Single by Aerosmith

from the album Done with Mirrors
- B-side: "Gypsy Boots"
- Released: October 1985
- Recorded: 1985
- Genre: Hard rock, heavy metal
- Length: 3:44
- Label: Geffen
- Songwriter: Joe Perry
- Producer: Ted Templeman

Aerosmith singles chronology
| "Lightning Strikes" (1982) | "Let the Music Do the Talking" (1985) | "Shela" (1985) |

Alternative cover

Music video
- "Let the Music Do the Talking" on YouTube

= Let the Music Do the Talking (song) =

1985 single by Aerosmith

"Let the Music Do the Talking" is a song recorded by the Joe Perry Project in 1980 and later re-recorded by the re-united Aerosmith in 1985. It was written by Joe Perry.

==Overview==
After guitarist Joe Perry left Aerosmith in 1979, he formed a new band, the Joe Perry Project in which Ralph Morman was the lead singer. The band's first album Let the Music Do the Talking was released in 1980.

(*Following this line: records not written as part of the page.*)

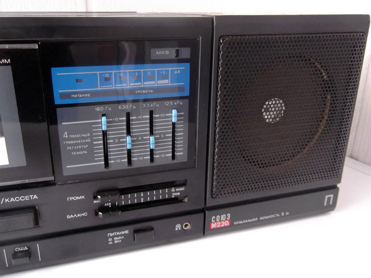 магнитной ленты, встроенный электретный микрофон, четырёхполосный регулятор
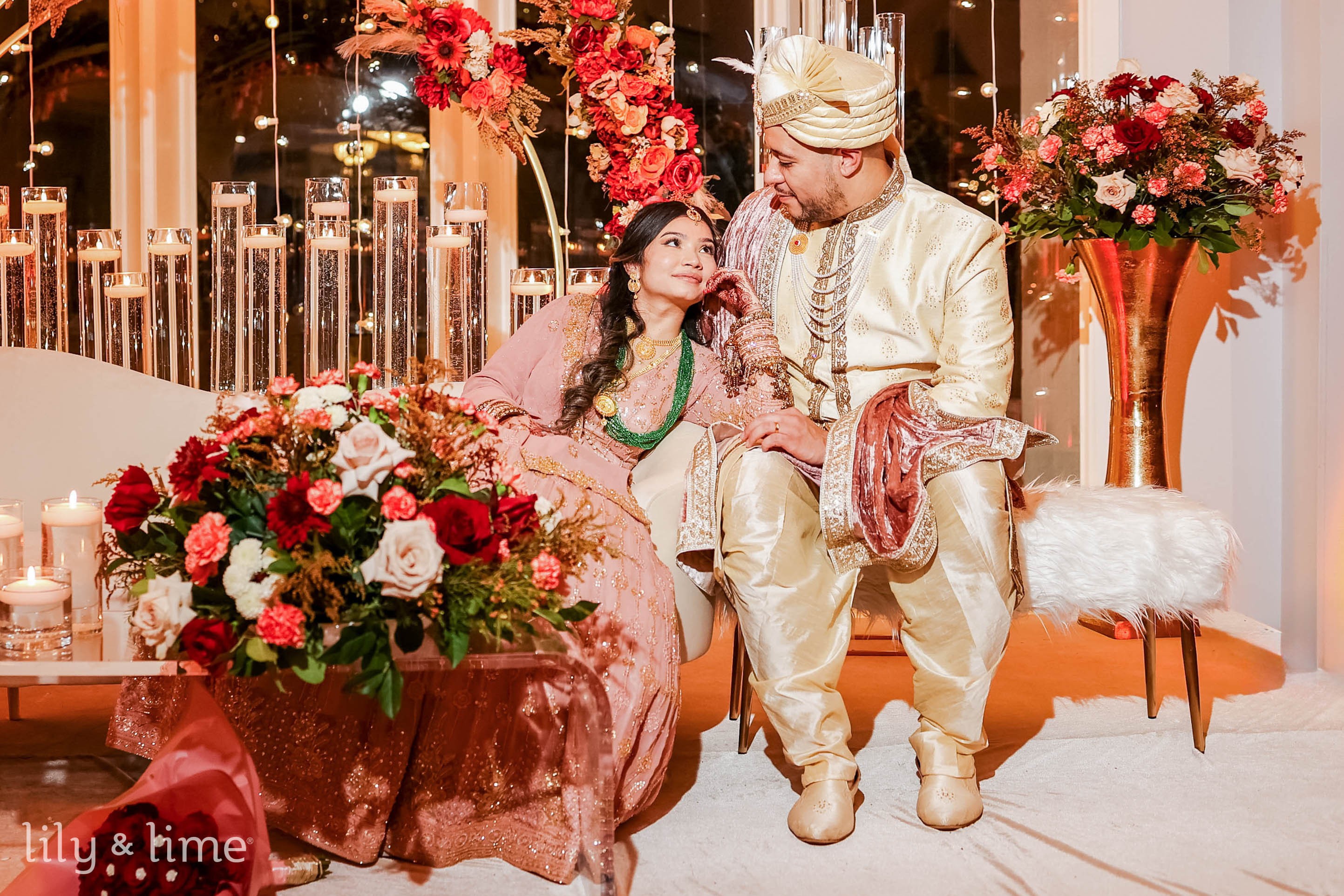Post-ceremony, the celebration continued at the same venue, now transformed for the wedding reception. The vibrant wedding decor featured bright flowers and beautiful wedding lights that illuminated the evening with a warm and festive glow. Pabi changed into a delicate powder pink lehenga, which perfectly balanced elegance and grace, while Gabriel opted for a different pair of golden sherwani, maintaining his regal demeanor.
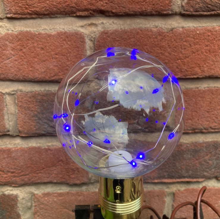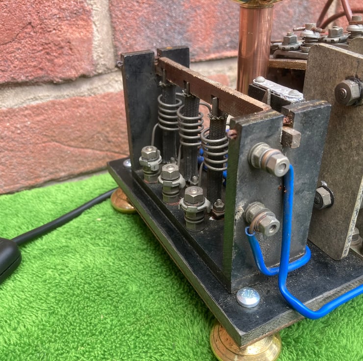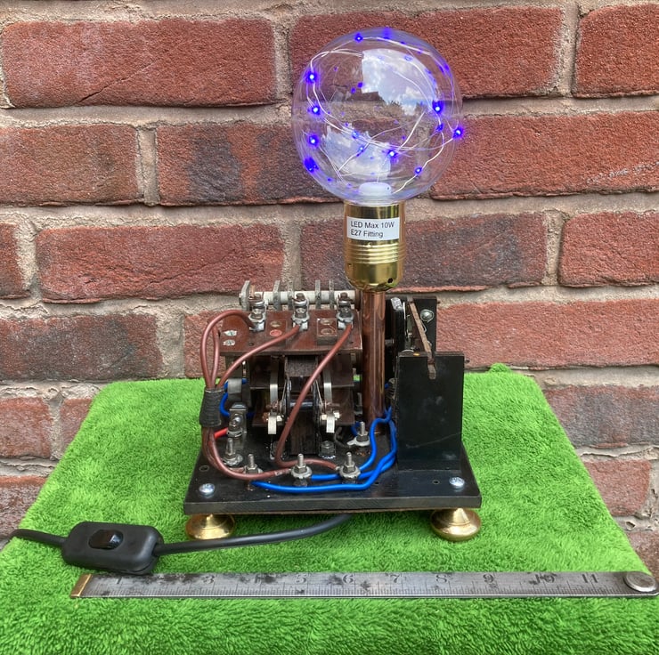 A length of reclaimed copper water pipe, a couple of adaptors turned on the lathe the contactor came from was mounted to the Bakelite base plate with a brass ES fitting lampholder on top. I added some brass cupboard door knobs for feet, new live electrical parts and the result is the quirky and unique table lamp you see in the photos, looking straight out of a mad scientist’s lab! The bulb fitted is an economical blue LED decorative item which I think suits the feel of the lamp very well and is included in the price.
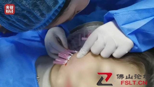 記者看到,老師先將幾十支鈍針挨個(gè)刺入學(xué)員一側(cè)臉部的皮膚,隱隱看到有鮮血不斷滲出。埋好蛋白線,老師又依次將鈍針拔出,接下來(lái)給另一側(cè)臉部進(jìn)行埋線。
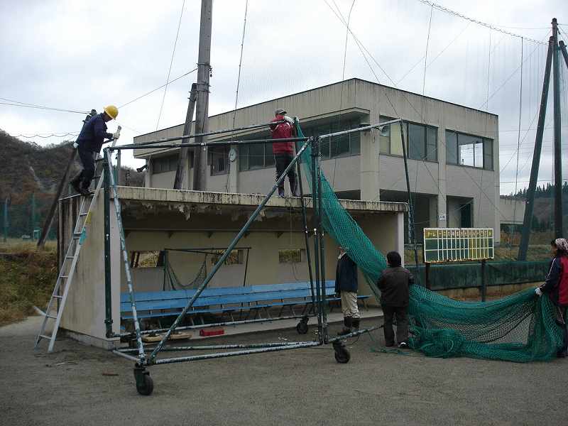 野球場にはバッティングゲージがあり、これもばらして管理等の下に。
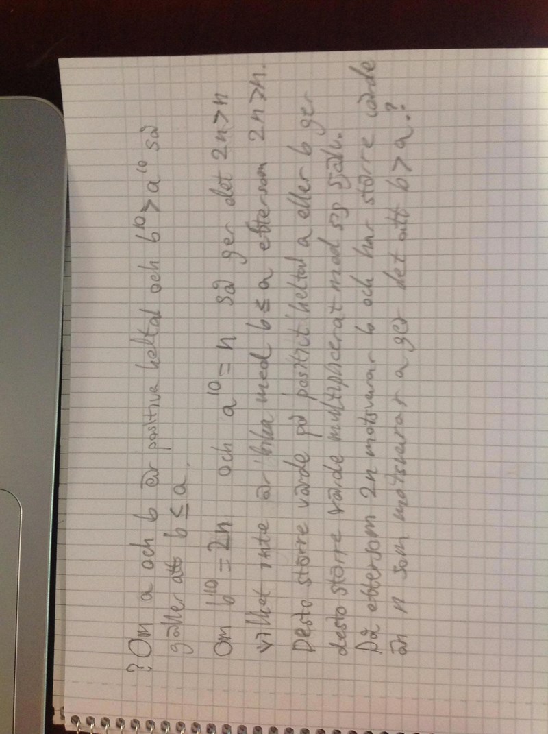 Kan jag göra på följande sätt: Anta att om a och b är positiva (reella) heltal och a^10>a^10 så gäller att ba.
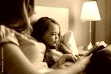 Close-up of happy young mother and adorable daughter reading together children book before going to sleep while lying in bed in nursery bedroom, near lamp. Concept of family leisure activity at home.
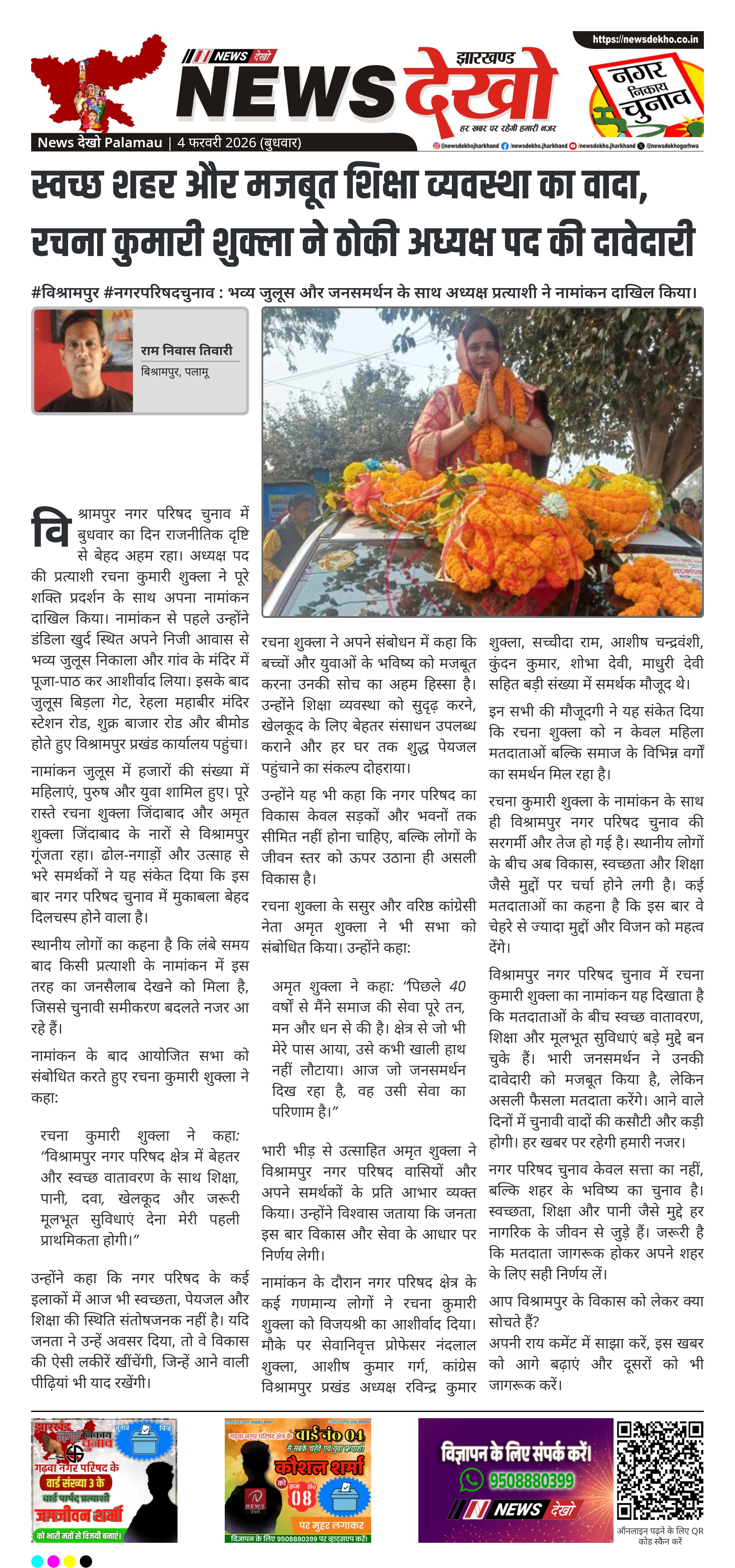 पलामू जिले के विश्रामपुर नगर परिषद क्षेत्र में चुनावी माहौल तेज हो गया है। नगर परिषद अध्यक्ष पद की प्रत्याशी रचना कुमारी शुक्ला ने गुरुवार को भव्य जुलूस और धार्मिक अनुष्ठान के बाद नामांकन दाखिल किया। हजारों की संख्या में महिला, पुरुष और युवा समर्थकों की मौजूदगी ने उनकी दावेदारी को मजबूत बनाया। उन्होंने स्वच्छ वातावरण, शिक्षा और पानी को अपनी पहली प्राथमिकता बताया।
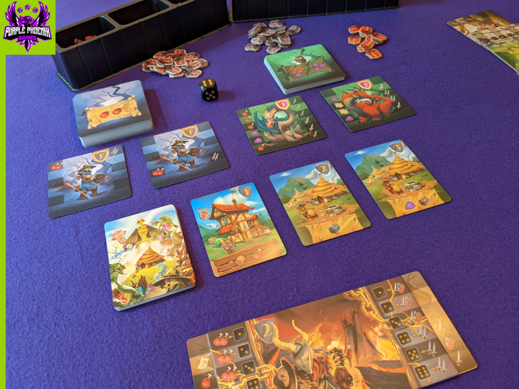 To setup, each player chooses a castle board and is randomly dealt two goblin cards to be added to the castle. These goblin cards have icons on the left and the right of the main character art, and will slide beneath the main castle board on either side to activate their icons for the duration. Next, the human kingdom (that will inevitably be attacked by players) is setup per number of players and placed on the table. The two different creature decks are shuffled and two cards from each pile are revealed. The other tokens are placed in the insert “token reserves” and are available to all. The first player takes the die and is known as the Captain. The game is now setup and ready to begin!
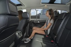 You get tri-zone climate control which includes outlets for the 3rd row. The rugrats will get hours of fun from the screens in the back of the front seat head rests. They can watch their stupid shows with the sound via Bluetooth earphones. You need never hear from them again, unless they start singing along of course. Rear windows are tinted for added privacy.
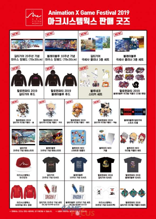 아울러 시연 부스 옆에서 판매할 굿즈의 라인업도 공개했다. 최근 일본에서 공개된 굿즈는 물론, 한국 오리지널 굿즈인 길티기어 및 블레이블루 마우스 장패드와 극세사 클리너 등도 판매되며, 기존 굿즈의 경우 할인 프로모션도 진행된다.
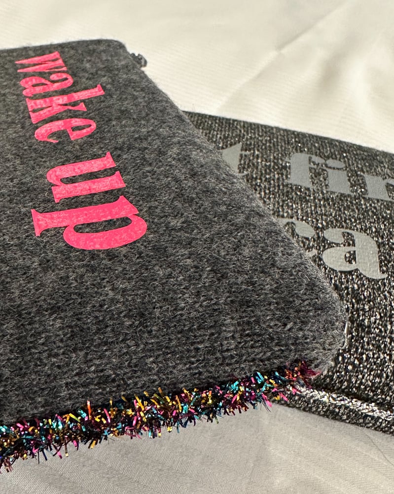 Variante scuba lana grigio con bordino metalizzato e stampa "wake up & make up" rosa fluo.

In 1984, Perry and Brad Whitford rejoined Aerosmith. Aerosmith recorded the album Done with Mirrors in 1985. Lead singer Steven Tyler and the other band members liked Perry's "Let the Music Do the Talking" and decided to include it on the new album. The song was re-recorded with mostly new lyrics sung by Tyler, and the running time was reduced by about a minute. The song was issued as a single shortly before the album's release, peaking at number 18 on the Mainstream Rock Tracks chart.

==Music video==
A music video for the Aerosmith version of the song was created in 1985, featuring the band performing live at the Orpheum Theatre in Boston while being filmed illegally by a few teenage fans. The venue's white shirted security guards that appear in the video were actually bouncers recruited earlier in the evening from Boston's now defunct Channel nightclub. The video was directed by Jerry Kramer.

==In concert==
The song was a live staple for Aerosmith in the 1987-88 tour in support of Permanent Vacation and the band has regularly rotated the song into its setlist since then.

A version of "Let the Music Do the Talking" was also included on the live album Classics Live II, released in 1987.